Parece imposible argumentar con palabras el gusto amargo que dejó, para la mayoría, la final de la Champions League. Es como uno de esos remedios feos, que algún día alguien determinó que debían tener gustos asquerosos, pero, igualmente deben existir por pura necesidad, para que alguna parte de algunas vidas se vuelvan largas e indoloras. El fútbol también necesita ser perdurable. Y por eso también precisa de estos remedios amargos, a pesar de que los ideales cohíban la posibilidad de pensar de esta manera rara, casi mediocre. Pero la colección de improvistos que andan dando vuelta por el universo futbolístico, lo convierten en el deporte más apasionante del mundo. Por eso, estos Chelsea, decorosos campeones maltratados, son extremadamente necesarios. Son esos remedios que se repudian, pero que acaban dejando un repertorio de enseñanzas.
El triunfo del débil no precisamente signifique el triunfo de la indecencia. Pero así se ven desde los ojos de un purista. Ese purista: el que defiende los ideales del que mejor lo identifica, el que no entiende razones más allá del estilo que lo cautiva, el que acecha contra todo aquel que lo atraigan otras maneras de pensar y de llevar a la práctica el fútbol. Por favor, puristas, eviten la intolerancia desmedida en los siguientes párrafos de este texto y, si pueden, propónganse mirar con otros lentes al nuevo campeón de Champions.
El Chelsea no puede cambiar todas sus formas para jugar una final de finales solamente porque la mayoría pretende que lo haga. Si hubo una forma de ser y de actuar que lo caracterizó a Di Matteo, fue la del repliegue y la eficacia. No está bien, ni tampoco está mal. Nadie puede decir que una victoria sin posesión es una victoria indigna. O, acaso, como dice el entrenador Ángel Cappa cuando le consultan el por qué de tanto empeño por la idea de jugar bien: “¿Y de qué sirve ser feliz?”. ¿Será quizá que el entrenador o los hinchas o los propios jugadores del Chelsea no son felices con el título de campeones en sus corazones? No es esta (o al menos no intenta serlo) una manera implícita de justificar a un estilo tacaño, sino una forma de entender a un técnico interino, a un equipo contrariado y a una gran expresión defensiva.

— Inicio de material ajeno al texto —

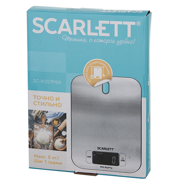 Кухонные весы Scarlett SC - KS57P99 подходят для измерения массы любых продуктов, включая специи, соль и другие подобные ингредиенты. Применение современной конструкции с четырьмя высокочувствительными сенсорами позволяет им получать результат с погрешностью не более 1 грамма.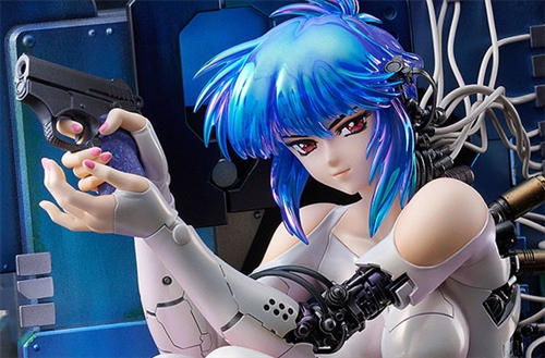 From the manga "Ghost in the Shell" comes a scale figure of Motoko Kusanagi! The figure is based on the cover illustration of the first tankobon volume, with additional details, and can be displayed standing like a photo frame. Sculpted by Chieri, a sculptor active since the 1980s, the figure retains the atmosphere from the era. Motoko's hair and boots are aurora-plated like an optical camouflage, and her expression changes depending on the angle the figure is viewed from. The contrast between the textures of her bodysuit and mechanical parts is one of the many visual highlights the figure has to offer. Actual cords are used for the cord details. The base is made with metal for a realistic look. Fans of the series, be sure to add this impressive figure to your collection!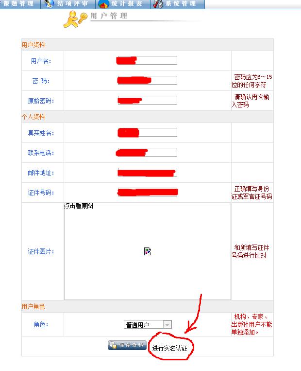 A:申请人如果是首次注册,建议先完善“个人详细资料”,特别是正确选择“所属系统”和“工作单位”,然后再做实名认证。否则没有单位信息做匹配,机构用户是看不到该申请人的。第二种情况,申请人以前只注册个人用户,没有填写个人详细资料或填报课题的。这次如果忘记密码了,只能和社科办联系寻求帮助了。第三种情况,申请人单位有变更,先在个人详细资料里修改工作单位,然后做实名认证,否则现任机构用户也看不到该申请人的资料。

Porque el Chelsea no fue solamente dos líneas de 4 que se avocaron en resguardarse en su propio terreno y en negar pases interiores. Fue muchísimo más que eso. ¿O acaso alguien discute el festín que se hubieran hecho Robben y Ribery si el Chelsea hubiera salido a producir un juego que nunca trabajó? Hubiera habido espacios por todos lados. Los laterales en ataque, los mediocentros adelantados y la mesa servida para el Bayern: los extremos jugando como y donde quisieran y otorgándole a Mario Gómez tantas pelotas claras como fueran necesarias.
Pero el Chelsea fue mucho más que eso. Así como existen excelsos equipos de juego ofensivo, en los que sus jugadores parecen complementarse, cual si fuera una sinfonía, también, de la misma manera, existen los esquemas defensivos que exhiben la misma analogía. Debe haber un nivel de comunicación superior para tomar en zona durante más de dos horas. Debe haber un espíritu de grupo altísimo, para convencer a Lampard o Mata de que los relevos hoy serán más importantes que los desmarques y que habrá que correr en defensa tanto como les atrae correr en ataque. Conseguir el sacrificio de Drogba o este nuevo solidario Fernando Torres demuestra a las claras a un equipo tejido a mano con objetivos colectivos por encima de cada una de sus partes.
Nada de esto significa que el Bayern Munich deja de ser una apología a la nueva era del fútbol veloz, preciso y analizado a los más altos niveles de su posibilidad. Ni la zurda de Robben, ni la ineficacia de Gómez, ni los infortunios del juego reprimen tan espectaculares maneras de producir.
Por favor, puristas, no hay necesidad de enamorarse de un estilo que no los identifica o de un fútbol que limita sus más hermosas representaciones colectivas. Simplemente, respétenlo. Es el fútbol que hoy levanta a la más atrayente de las orejonas.